What Is a Vector Database?

When you embed text with a model like text-embedding-3-small, you get a list of ~1500 numbers — a point in high-dimensional space. Similar texts produce points that are geometrically close to each other.

A vector database stores those points and answers the question: “Which stored vectors are closest to this query vector?” That’s semantic search — find results by meaning, not keyword.
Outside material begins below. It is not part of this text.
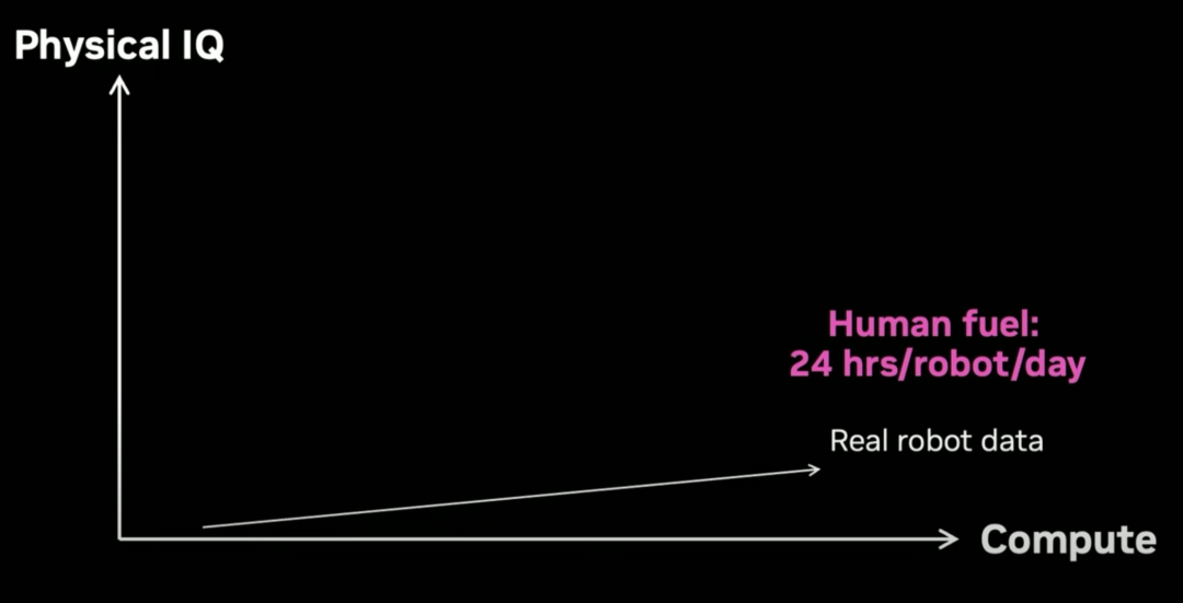 如果你把这个方法放到 scaling 图上,你会发现它根本不能 scale。真实机器人数据的获取是在拿人力当燃料,这比用化石燃料更糟糕。而且,一个机器人每天只有 24 小时的时间可以用。实际可利用的时间更少,因为人会疲劳,机器人比人类更容易疲劳。
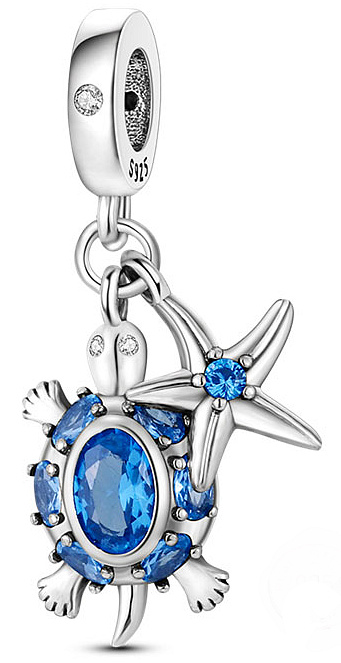 Visací přívěsek s roztomilou Želvou a Hvězdicí, navržený s třpytivými modrými a bílými drahokamy Zirkonu. želvy symbolizují klid, moudrost a dlouhověkost. Hvězdice představují božskou lásku, vedení a inspiraci. Mořská hvězdice jako symbol vitality, prosperity a štěstí. Želva ztělesňuje ochranu a jistotu, má podporující a ochrannou energii. Je symbolem dlouhověkosti, pevného zdraví, stability, síly, vytrvalosti a dokonale podpoří ty z vás, kteří podnikají. Krunýř želvy poskytuje ochranu a bezpečí na mnoha našich životních cestách.

  • Exact search: checks every vector (slow at scale, perfect recall)
  • ANN (Approximate Nearest Neighbour): uses indexes like HNSW for millisecond search over millions of vectors

Prerequisites

  • Python 3.9+
  • OpenAI API key (OPENAI_API_KEY)
  • Basic Python knowledge

Step 1: Install Dependencies

pip install chromadb openai

chromadb is a local vector database that runs in-process — no server needed. openai provides the embedding model.


Step 2: Generate Embeddings

An embedding turns text into a vector. Here’s how to generate one:

import os
from openai import OpenAI

client = OpenAI(api_key=os.environ["OPENAI_API_KEY"])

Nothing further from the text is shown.